▸ Records for the task:
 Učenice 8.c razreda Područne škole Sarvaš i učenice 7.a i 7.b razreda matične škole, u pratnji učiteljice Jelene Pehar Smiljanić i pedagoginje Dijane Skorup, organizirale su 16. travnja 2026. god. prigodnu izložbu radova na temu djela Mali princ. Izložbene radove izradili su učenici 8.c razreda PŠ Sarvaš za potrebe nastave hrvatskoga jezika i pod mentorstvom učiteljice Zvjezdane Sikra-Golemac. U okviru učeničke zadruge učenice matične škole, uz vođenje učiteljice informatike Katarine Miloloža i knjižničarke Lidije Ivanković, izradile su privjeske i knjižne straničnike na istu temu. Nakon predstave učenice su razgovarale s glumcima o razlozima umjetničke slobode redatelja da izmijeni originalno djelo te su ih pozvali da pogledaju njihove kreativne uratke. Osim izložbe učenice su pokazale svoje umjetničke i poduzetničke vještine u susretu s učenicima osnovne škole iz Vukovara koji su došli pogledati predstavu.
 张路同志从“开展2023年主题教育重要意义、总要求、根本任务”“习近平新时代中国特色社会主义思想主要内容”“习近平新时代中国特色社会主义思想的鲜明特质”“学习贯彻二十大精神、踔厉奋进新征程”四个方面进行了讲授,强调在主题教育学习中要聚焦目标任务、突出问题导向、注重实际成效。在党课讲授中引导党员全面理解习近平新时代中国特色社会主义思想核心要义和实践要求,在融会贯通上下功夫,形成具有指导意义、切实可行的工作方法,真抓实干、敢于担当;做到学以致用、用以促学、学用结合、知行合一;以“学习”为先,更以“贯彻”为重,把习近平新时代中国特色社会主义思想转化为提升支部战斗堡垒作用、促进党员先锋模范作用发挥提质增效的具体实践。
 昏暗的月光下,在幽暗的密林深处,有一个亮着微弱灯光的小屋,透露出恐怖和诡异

--

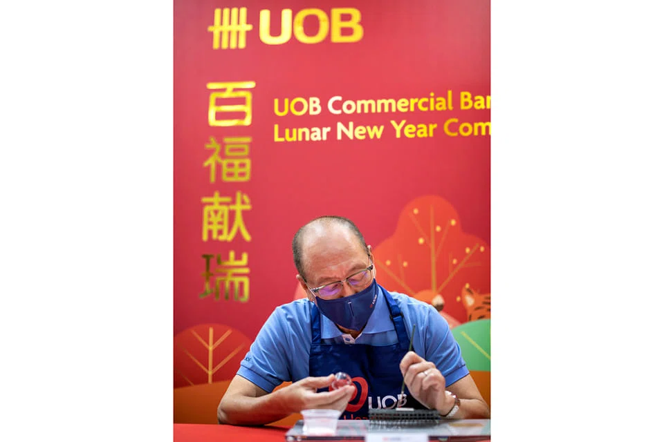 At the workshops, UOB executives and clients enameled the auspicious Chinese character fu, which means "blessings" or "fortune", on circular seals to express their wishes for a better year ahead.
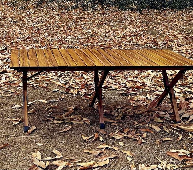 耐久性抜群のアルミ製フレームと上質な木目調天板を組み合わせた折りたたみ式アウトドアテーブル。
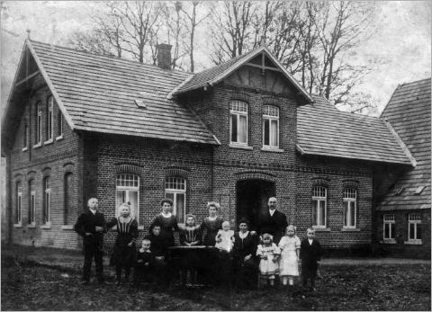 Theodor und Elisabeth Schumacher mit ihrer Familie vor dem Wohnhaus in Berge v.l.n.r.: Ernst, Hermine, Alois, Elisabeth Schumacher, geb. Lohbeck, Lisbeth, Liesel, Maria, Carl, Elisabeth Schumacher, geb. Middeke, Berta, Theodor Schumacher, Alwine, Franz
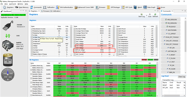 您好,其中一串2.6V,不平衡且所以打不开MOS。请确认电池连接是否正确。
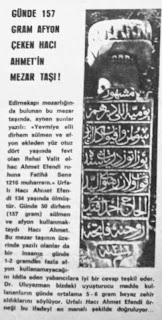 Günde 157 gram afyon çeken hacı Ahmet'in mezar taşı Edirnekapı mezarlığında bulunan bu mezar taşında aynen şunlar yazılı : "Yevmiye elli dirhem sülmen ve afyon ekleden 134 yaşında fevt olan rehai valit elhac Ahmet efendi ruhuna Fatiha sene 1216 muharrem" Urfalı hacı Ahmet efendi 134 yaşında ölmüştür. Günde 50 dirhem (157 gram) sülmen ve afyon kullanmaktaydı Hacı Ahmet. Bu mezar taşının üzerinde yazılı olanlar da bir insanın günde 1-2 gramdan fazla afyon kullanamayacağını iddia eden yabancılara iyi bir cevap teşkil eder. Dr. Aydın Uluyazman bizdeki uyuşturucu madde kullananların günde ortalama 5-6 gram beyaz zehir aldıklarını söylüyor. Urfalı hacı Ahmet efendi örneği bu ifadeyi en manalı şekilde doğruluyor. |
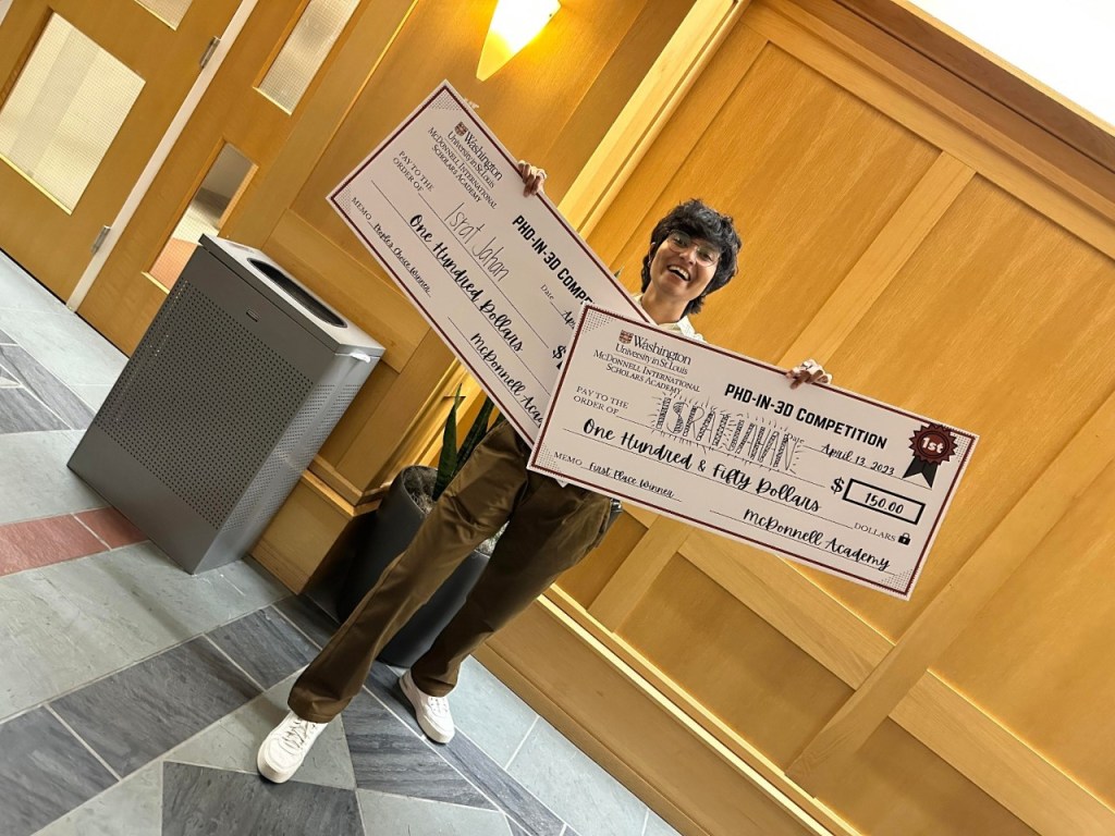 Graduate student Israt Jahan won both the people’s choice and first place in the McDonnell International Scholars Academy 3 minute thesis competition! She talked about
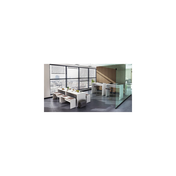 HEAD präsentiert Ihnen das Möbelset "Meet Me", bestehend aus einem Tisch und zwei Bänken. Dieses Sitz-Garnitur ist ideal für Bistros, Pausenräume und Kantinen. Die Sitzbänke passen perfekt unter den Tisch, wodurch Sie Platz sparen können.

▸ Task prompt:
Take the lines above starting at the one containing "At the workshops, UOB" and ending at the one containing "耐久性抜群のアルミ製フレーム", and print them again exactly, without pictures.

▸ Solution:
 At the workshops, UOB executives and clients enameled the auspicious Chinese character fu, which means "blessings" or "fortune", on circular seals to express their wishes for a better year ahead.
 耐久性抜群のアルミ製フレームと上質な木目調天板を組み合わせた折りたたみ式アウトドアテーブル。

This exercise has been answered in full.